Before we go ahead and dive into the amazing world of RDS, it is essential to understand what exactly AWS provides you when it comes to database-as-a-service offerings and how can you effectively use them. To start off, AWS provides a bunch of awesome and really simple-to-use database services that are broadly divided into two classes: the relational databases, which consist of your MySQL and Oracle databases, and the non-relational databases, which consist of a propriety NoSQL database similar to MongoDB. Each of these database services is designed by AWS to provide you with the utmost ease and flexibility of use along with built-in robustness and fault tolerance. This means that all you need to do as an end user or a developer is simply configure the databases service once, run it just as you would run any standard database without worrying about the internal complexities of clustering, sharding, and so on, and only pay for the amount of resources that you use! Now that's awesome, isn't it!

However, there is a small catch to this! Since the service is provided and maintained by AWS, you as a user or developer are not provided with all the fine tuning and configuration settings that you would generally find if you were to install and configure a database on your own. If you really want to have complete control over your databases and their configurations, then you might as well install them on EC2 instances directly.
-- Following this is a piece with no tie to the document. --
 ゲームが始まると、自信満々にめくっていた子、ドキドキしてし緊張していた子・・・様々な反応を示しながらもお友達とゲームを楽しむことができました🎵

Then you can fine-tune them just as you would on any traditional OS, but remember that in doing so, you will have to take care of the database and all its inner complexities.

With these basic concepts in mind, let us go ahead and learn a thing or two about Amazon Relational Database Service (RDS). Amazon RDS is a database service that basically allows you to configure and scale your popular relational databases such as MySQL and Oracle based on your requirements. Besides the database, RDS also provides additional features such as automated backup mechanisms, point-in-time recovery, replication options such as multi-AZ deployments and Read Replicas, and much more! Using these services you can get up and running with a completely scalable and fault tolerant database in a matter of minutes, all with just a few clicks of a button! And the best part of all this is that you don't need to make any major changes to your existing applications or code. You can run your apps with RDS just as you would run them with any other traditional hosted database, with one major advantage: you don't bother about the underlying infrastructure or the database management. It is all taken care of by AWS itself!
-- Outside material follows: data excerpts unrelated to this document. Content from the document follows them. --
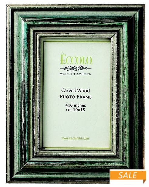 Product Details Èccolo™ Carved ACQUA Wood 4x6 frame by Eccolo™ — A hand applied antique finish gives the Eccolo™ World Traveler collection a distinctive look and appeal. Glare resistant glass lens; hard board easel back perfect for tabletop display. Wall mounts included for easy hanging.SendAFrame proudly carries the complete Eccolo™ Collection for your shopping convenience. Carved ACQUA Wood 4x6 frame by Eccolo™ Model #826635118428 List $24.50 You pay $12.19 In stock Ships next business day [?] Your Price Match is Active Your request for a price of $0.00 for a minimum quantity of has been accepted. You have [time] left to purchase this item for $0.00 instead of $12.19 each. Find a Lower Price? We BEAT All Authorized Retailers [?] FEATURESDisplays:4"x6"Material:Wood (full grain)Finish:Aquamarine, Green, TurquoiseOccasion:Home decoratingStyle:Rustic/Lodge, Shabby Chic, OrnateOrientation:BothBrand:Èccolo™ This item ships in its own box SHARE THIS ITEM Share on Facebook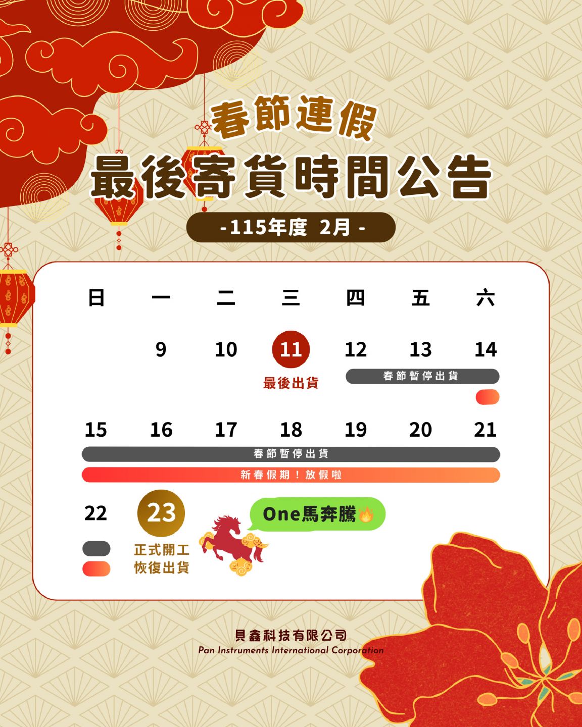 因應年節前貨運量龐大,我們最後寄貨時間為 2/11(週三)之後則暫停出貨寄貨!且將於2/23(週一)依序恢復出貨,感謝您的耐心等待!
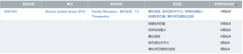 6月30日,恒瑞发布公告,称其子公司瑞石生物研制的SHR1459片用于原发性膜性肾病(PMN)的临床试验申请获得国家药监局的批准。目前全球仅恒瑞一家将BTK抑制剂开发用于治疗原发性膜性肾病。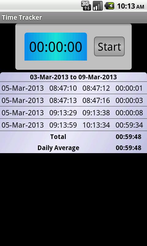 2) The weekly summary list of the current week will be visible below the timer when there is at least one entry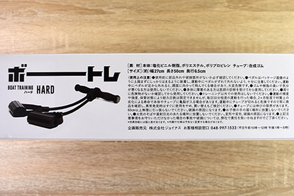 「ボートレ」が入っている箱には「ボート漕ぎ運動で全身キタエル」という表記が。必死な形相でチューブを引っ張る外国人男性の姿もプリントされていました。ボート漕ぎ運動の“キツさ”がひしひしと伝わってきますね…。

RDS currently supports five popular relational database engines, namely MySQL, Oracle, Microsoft's SQL Server, PostgreSQL, and MariaDB as well. Besides these, AWS also provides a MySQL-like propriety database called Amazon Aurora. Aurora is a drop-in replacement for MySQL that provides up to five times the performance that a standard MySQL database provides. It is specifically designed to scale with ease without having any major consequences for your application or code. How does it achieve that? Well, it uses a combination of something called as an Aurora Cluster Volume, as well as one Primary Instance and one or more Aurora Replicas. The Cluster Volume is nothing more than virtual database storage that spans across multiple AZs. Each AZ is provided with a copy of the cluster data so that the database is available even if an entire AZ goes offline. Each cluster gets one Primary Instance that's responsible for performing all the read/write operations, data modifications, and so on. With the Primary Instance, you also get a few Aurora Replicas (also like Primary Instances). A Replica can only perform read operations and is generally used to distribute the database's workload across the Cluster. You can have up to 15 Replicas present in a Cluster besides the Primary Instance, as shown in the following image:

An overview of Amazon RDS

Note

You can also read more on Amazon Aurora at http://docs.aws.amazon.com/AmazonRDS/latest/UserGuide/CHAP_Aurora.html.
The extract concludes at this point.